Daughters of Lilith
Ori van Gelderen
Antwerpen Belgium

About
My work explores grotesque embodiment, mythology, transformation, and emotional worldbuilding through installation, sculpture, ceramics, painting, and mixed media. I create immersive symbolic environments where beauty and horror, vulnerability and protection, softness and violence can exist simultaneously without needing resolution.
Drawing from feminist theory, Jewish mysticism, Japanese folklore, bodily experience, and contemporary visual culture, I use recurring creatures, masks, bodily forms, and ritual-like spaces to explore femininity as something unstable, emotional, transformative, and deeply physical.
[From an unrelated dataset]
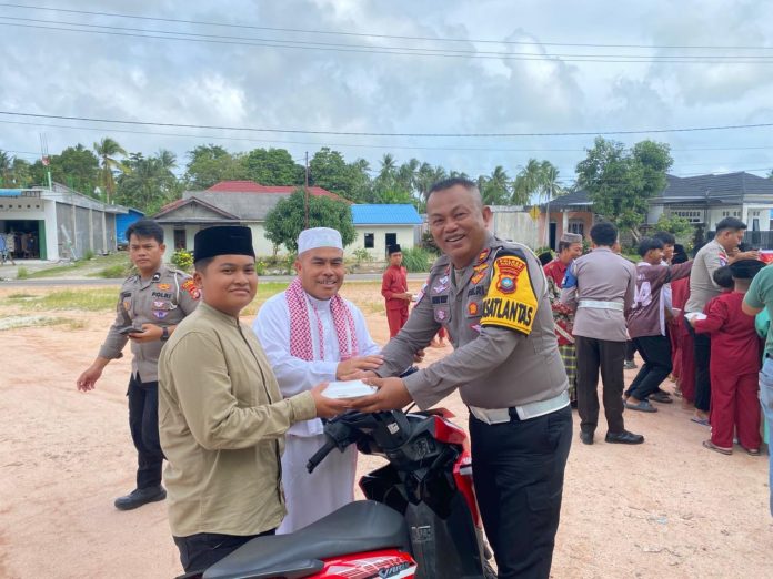 NATUNA, KABARTERKINI.co.id – Kepala Satuan Lalu Lintas (Satlantas) Polres Natuna Iptu Erwan Toni beserta jajaran kembali menggelar kegiatan sosial, dengan membagikan 200 paket makanan dan minuman kepada jamaah Masjid Ibnu Salim, Ranai, Jumat 12 Desember 2025. Pembagian dua ratusan paket makanan dan minuman ini, merupakan rangkaian program Jumat Berkah.

My installations often function as emotional ecosystems or temporary temples where viewers can physically enter symbolic environments shaped by pain, desire, memory, transformation, and contradiction.
Rather than creating fixed narratives, I am interested in building worlds where bodily realities that are often hidden or socially controlled can exist openly. Through grotesque imagery and artistic worldbuilding, I attempt to create spaces where emotional truth, vulnerability, monstrosity, and self-authorship become visible simultaneously.
Project
Daughters of Lilith explores grotesque embodiment, mythology, and emotional worldbuilding through installation, sculpture, ceramics, painting, and mixed media. Drawing from feminist theory, Jewish mysticism, bodily experience, and Japanese folklore, the work creates immersive symbolic environments where beauty, horror, vulnerability, and transformation coexist. Through recurring creatures, masks, bodily forms, and ritual-like spaces, the project investigates femininity as unstable, emotional, and transformative. The installations function as emotional ecosystems that invite viewers to physically enter worlds shaped by contradiction, memory, pain, desire, and self authorship.